I soon noticed that there are a dozen cranes working in the city centre. That poses a mystery as that's more cranes than Dublin and both countries suffered economic and property market collapses. There are noisy reminders of banking collapses as several closed bank branches host groups of chanting protestors. Furthermore whilst the Barcelona city administrative area has a population of 1.6m people, 19pc are unemployed, better than the Spanish average of 23pc but nothing like Dublin's 8pc. So where is the development funding coming from? The answer may lie somewhere in Barcelona's autonomy as the capital of Catalonia.

There is a high level of investment in infrastructure, which is driving Barcelona's growth. A new airport terminal has been built and the city boasts a metro system and enormous underground car parks.
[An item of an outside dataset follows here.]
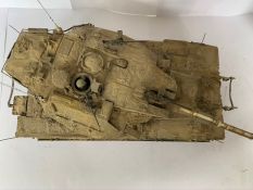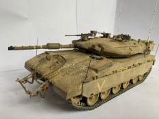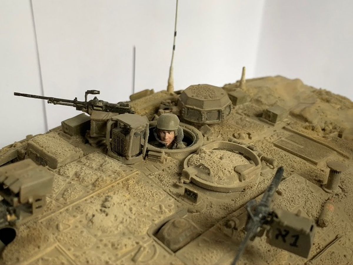 Erbauer: Kim-Eric Borchardt ORIGINAL: Merkava Das Modell zeigt einen Merkava 3D LIC in der späten Ausführung der IDF. Dargestellt ist der 2. Panzer des 1. Zuges („1 Alef“) der 1. Kompanie „Venus“ des 2. Bataillons „Sa’ar“ (Sturm) der 188. Panzerbrigade „Barak“ (Blitz) während der Operation Cast Lead im Januar 2009 im Gazastreifen. Das Fahrzeug ist ausgerüstet mit dem vollständigen LIC-Paket (Gitter an mehreren Motor- und Lüfteröffnungen, Gitter an den Optiken, neue Kommandantenkuppel, Belly Armour, Abschlepphörner vorne und hinten samt Ketten, Pistolenblende in der Heckklappe usw.) und trägt die späte Version der Zusatzpanzerung am Turm. Das Modell hat einen selbst erstellten Anti-Rutsch-Belag aus Vogelsand erhalten, da der Meng-Bausatz über keinen verfügte. Gezeigt wird das dargestellte Fahrzeug während bzw. nach dem Kampf in einer Stadt des Gazastreifens, daher mischt sich im Weathering der Fahrstaub mit dem Staub der Gebäudetrümmer. Ebenfalls wurde das Fahrzeug möglicherweise mit Steinen beworfen, was durch entsprechende gräuliche und ockerfarbene Pigmente simuliert wird. Modell: Merkava Mk. 3D LIC late von Meng, 1:35 zzgl. Legend Staukörbe für den Merkava 3; die Figur müsste von Royal Model sein (gleiches Set wie beim Mk. 4M)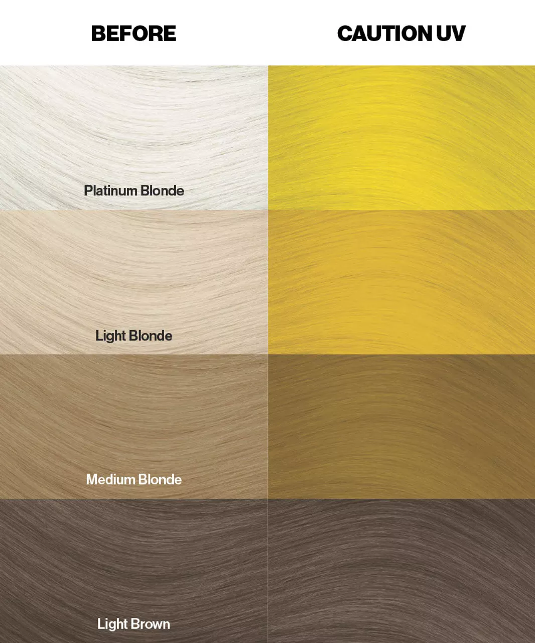 Crazy Color, toner odżywczy do włosów Caution UV nr 77 to neonowo żółty, wyrazisty kolor, który podkreśli Twój indywidualny styl! Toner nie wymaga dodatkowych oxydantów, a dla najlepszego efektu zaleca się wcześniejsze rozjaśnienie włosów. Kolor utrzymuje się aż do 20 dni (10-12 myć), zapewniając intensywny blask i spektakularny efekt. Produkt jest w 100% wegański, nie zawiera PPD, amoniaku, glutenu, parabenów ani siarczanów, dzięki czemu jest łagodny dla włosów i skóry głowy. Wyprodukowany w Wielkiej Brytanii, pozwala uzyskać neonowy, żółty odcień z efektem UV!

Great attention is paid to restoring public buildings and streetscapes and whilst Dublin has improved on this front our integration of retailing and leisure activities in, for example, Temple Bar, compares unfavourably with locations like Barcelona's "gothic quarter."
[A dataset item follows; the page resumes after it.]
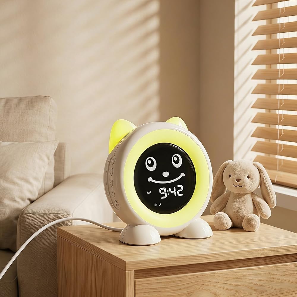 【TIME TO WAKE AND SLEEP】It's a fun and simple way to tell kids when it's time to wake up and sleep,so parents get more sleep,no more early morning wake up calls! Attractive color lights are designed to help your kids sleep better and feel safe when sleep in the dark! Wake up light function will wake kids up with nature-inspired sounds in a pleasant way

This reverence for conservation is paying off as Barcelona boasts a bewildering array of places to visit which draws tourism from many sectors. Dublin too is rich in culture but what on earth was Dublin City Council doing when they allowed the recent demolition of Windmill Lane recording studios in the docklands, which was already a tourist attraction? That building should have been converted into a music museum and would have paid for itself by adding to Dublin's "brand".

Both cities are on the coast and another unusual similarity is that both ports are in the city centre. This presents huge opportunity and each city has modern office schemes with views over water. Barcelona has done a fantastic job in renovating the old port which is a thriving tourism destination hosting museums, galleries, retailing and restaurants, set amongst busy moorings. Whilst the regeneration of Dublin docklands has been a great success, perhaps the authorities should look at incorporating more of the port area into public uses.
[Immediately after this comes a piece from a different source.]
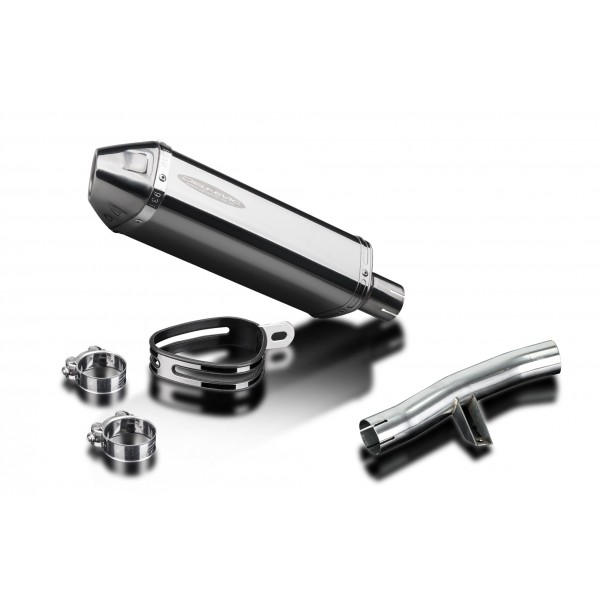 • This set includes - Delkevic silencer with a removable baffle, link pipe, strap, gasket, and clamps.

Another great success for Barcelona has been the targeting of cruise ship business and I saw maybe half a dozen cruise ships bringing thousands of tourists into the city centre. We need to stop the endless debating and allow Dublin Port to develop whatever deep water facilities they want. As a welcome legacy of the standards required to host the Olympic Games, Barcelona is superbly wheelchair accessible.

Catalonia's legendary architect, Gaudi, would have had interesting views on the debate over Dublin's future housing. In the early 1900's he was commissioned by wealthy families to develop city centre apartment blocks. The families would live in one of the apartments and finance the development by renting the remaining apartments to other families. I visited the most famous of these, the seven storey "La Pedrera". Gaudi's solution to Dublin's "triple aspect" debate was to build large apartments around a central void. Gaudi also forced the skyline upwards, breaching height regulations by paying heavy fines and Dublin certainly missed opportunities to improve our housing crisis, by imposing low building heights.

Barcelona's wide main streets are a confident mix of high quality retailing, offices, restaurants and public buildings. That is a sharp contrast with the cheap tackiness of O'Connell Street. How successive governments have failed to tackle this national embarrassment is beyond me. One can only marvel at the strategy which thought that arcades, fast food outlets and low end retailing were appropriate for our capital's principal street.

Radical action is needed on O'Connell Street starting with a programme of compulsory purchase orders in the public interest and a plan to bring appropriate uses. By investing in our infrastructure, life will improve for both citizens and visitors.